__Study material__:

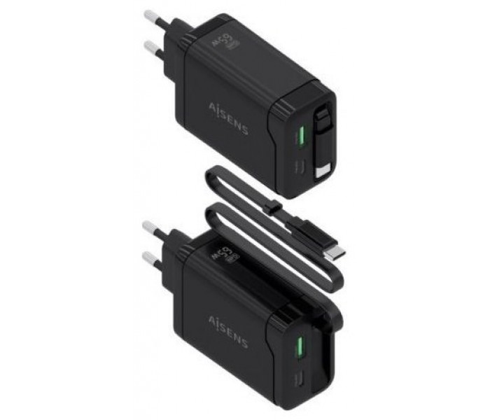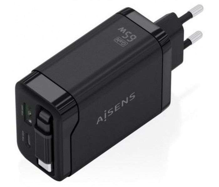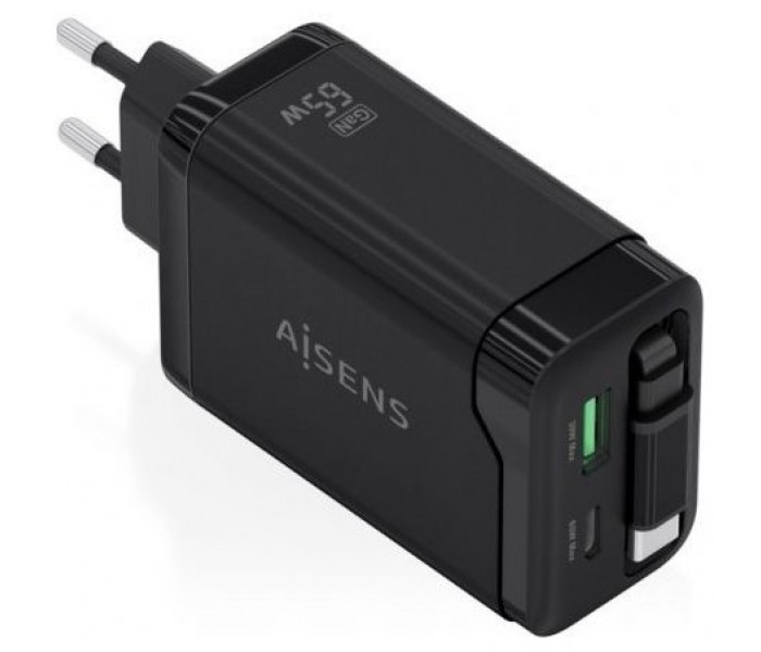 ASCH-65W3P071-BK – Cargador GaN 65W, 1xUSB-C Cable Retráctil, 1xUSB-C PD3.0, 1xUSB-A QC3.0, Negro
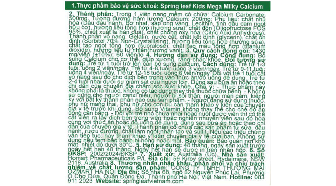 - Mỗi viên SpringLeaf Kids Mega Milky Calcium cung cấp 500 mg Canxi cacbonat, tương đương với 200 mg canxi nguyên tố, đáp ứng hầu hết lượng canxi cần thiết hàng ngày cho trẻ (theo khuyến nghị của Úc). Canxi là dưỡng chất thiết yếu giúp xây dựng và duy trì hệ xương và răng khỏe mạnh, đồng thời hỗ trợ chức năng thích hợp của tim, cơ và dây thần kinh.
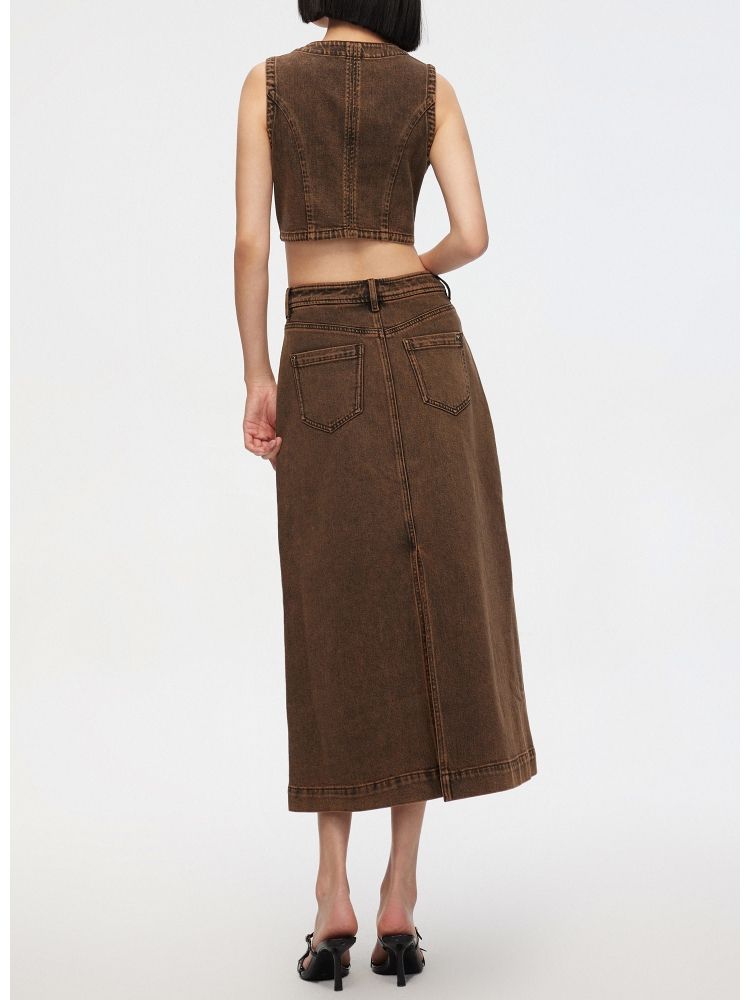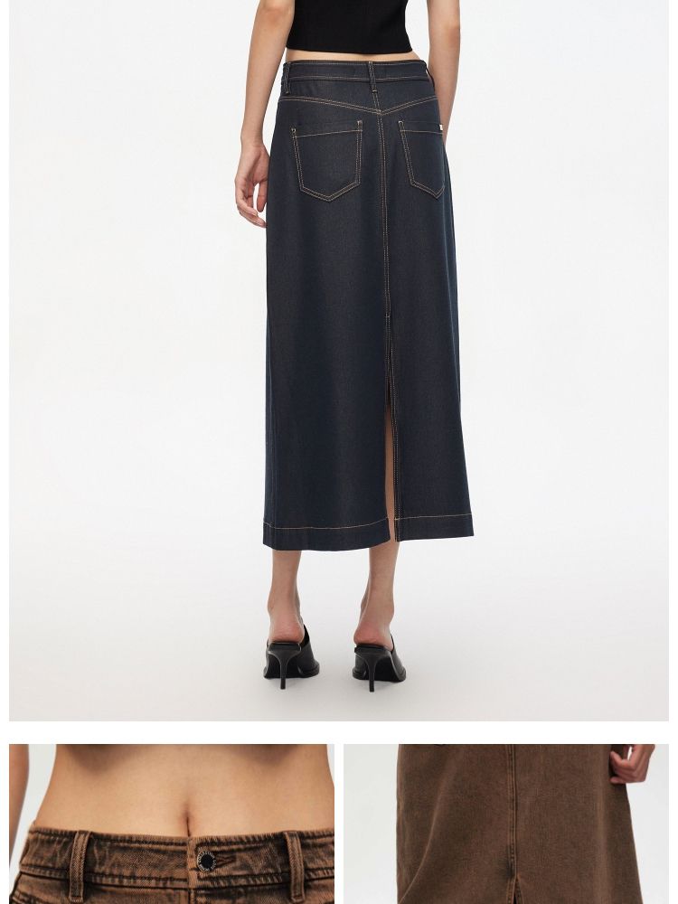 【百搭】夏季高腰开叉活性染长款牛仔半身裙女 437722
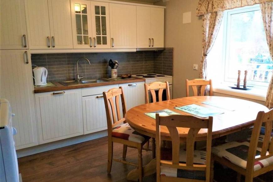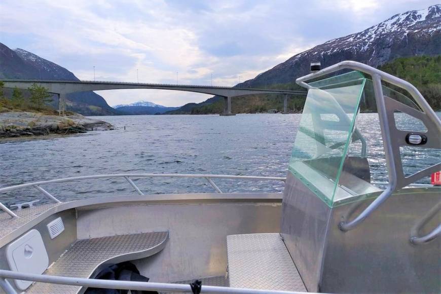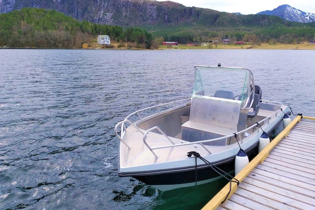 Es sind nur 50 m bis zum Fjord, Steg und Bootshaus. Das im Hafen gelegene Bootshaus ist extra für die Fischverarbeitung eingerichtet und verfügt über einen großen überdachten Filetierplatz mit fließendem Wasser und Licht. Im Bootshaus finden Gäste 3 abschließbare Räume für die Aufbewahrung von privaten Angelsachen.
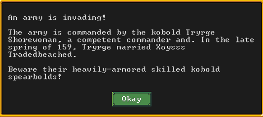 Winter 161: Far too soon, a kobold force has come to invade us. They are led by Tryrge Shrewoman, a competent commander. Their crowning achievement was getting married in 159.
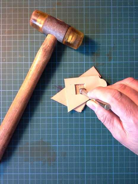 Conseguir una superficie sólida, como un bloque de granito y poner el cuero en él. Inicio sellado o herramientas. No use un martillo de metal en sus herramientas, o se estropean.
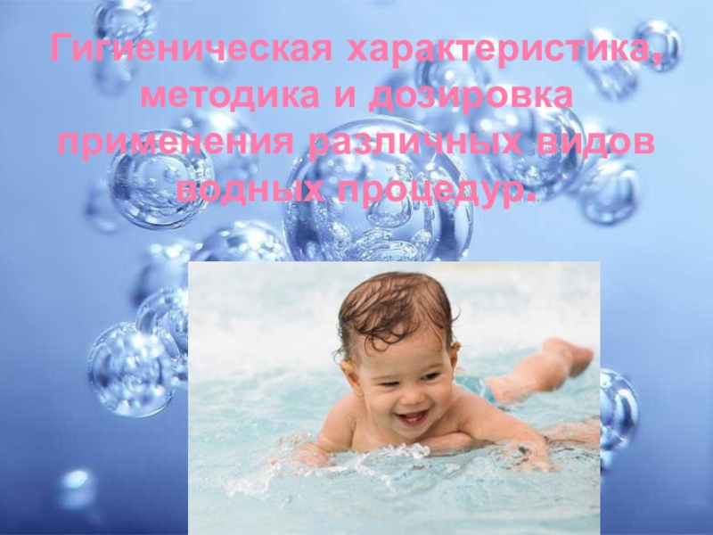 Слайд 12Гигиеническая характеристика, методика и дозировка применения различных видов водных процедур.
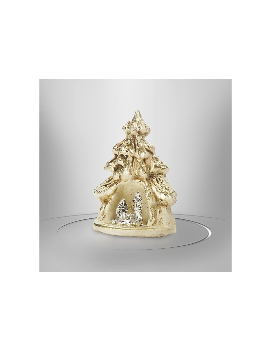Belén con forma de árbol de Navidad color crema con dorados - 7,5 cm
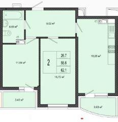 Продается 2-х комн. новостройка, 62.1 кв.м., 9/19 эт
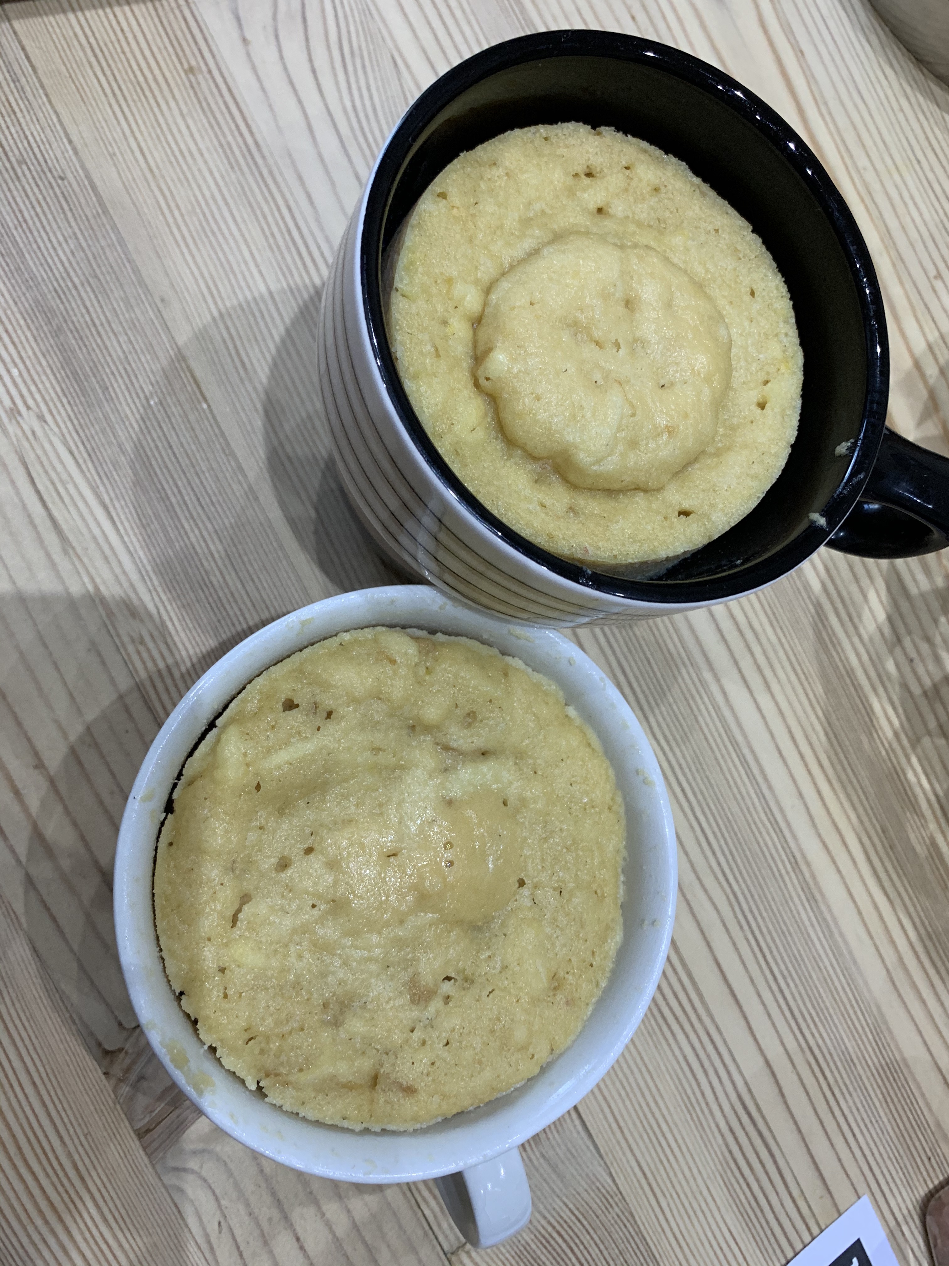 - Microwave for 1 minute on high if using the baking cups, 1 minute and 30 seconds if cooking both mugs. Check for doneness and if still liquid in the centre microwave for 15 second increments until just set. (I used the 15 second increments until set).

__Your objective__: Output each line above exactly. Skip the images.

__Answer box__:
 ASCH-65W3P071-BK – Cargador GaN 65W, 1xUSB-C Cable Retráctil, 1xUSB-C PD3.0, 1xUSB-A QC3.0, Negro
 - Mỗi viên SpringLeaf Kids Mega Milky Calcium cung cấp 500 mg Canxi cacbonat, tương đương với 200 mg canxi nguyên tố, đáp ứng hầu hết lượng canxi cần thiết hàng ngày cho trẻ (theo khuyến nghị của Úc). Canxi là dưỡng chất thiết yếu giúp xây dựng và duy trì hệ xương và răng khỏe mạnh, đồng thời hỗ trợ chức năng thích hợp của tim, cơ và dây thần kinh.
 【百搭】夏季高腰开叉活性染长款牛仔半身裙女 437722
 Es sind nur 50 m bis zum Fjord, Steg und Bootshaus. Das im Hafen gelegene Bootshaus ist extra für die Fischverarbeitung eingerichtet und verfügt über einen großen überdachten Filetierplatz mit fließendem Wasser und Licht. Im Bootshaus finden Gäste 3 abschließbare Räume für die Aufbewahrung von privaten Angelsachen.
 Winter 161: Far too soon, a kobold force has come to invade us. They are led by Tryrge Shrewoman, a competent commander. Their crowning achievement was getting married in 159.
 Conseguir una superficie sólida, como un bloque de granito y poner el cuero en él. Inicio sellado o herramientas. No use un martillo de metal en sus herramientas, o se estropean.
 Слайд 12Гигиеническая характеристика, методика и дозировка применения различных видов водных процедур.
Belén con forma de árbol de Navidad color crema con dorados - 7,5 cm
 Продается 2-х комн. новостройка, 62.1 кв.м., 9/19 эт
 - Microwave for 1 minute on high if using the baking cups, 1 minute and 30 seconds if cooking both mugs. Check for doneness and if still liquid in the centre microwave for 15 second increments until just set. (I used the 15 second increments until set).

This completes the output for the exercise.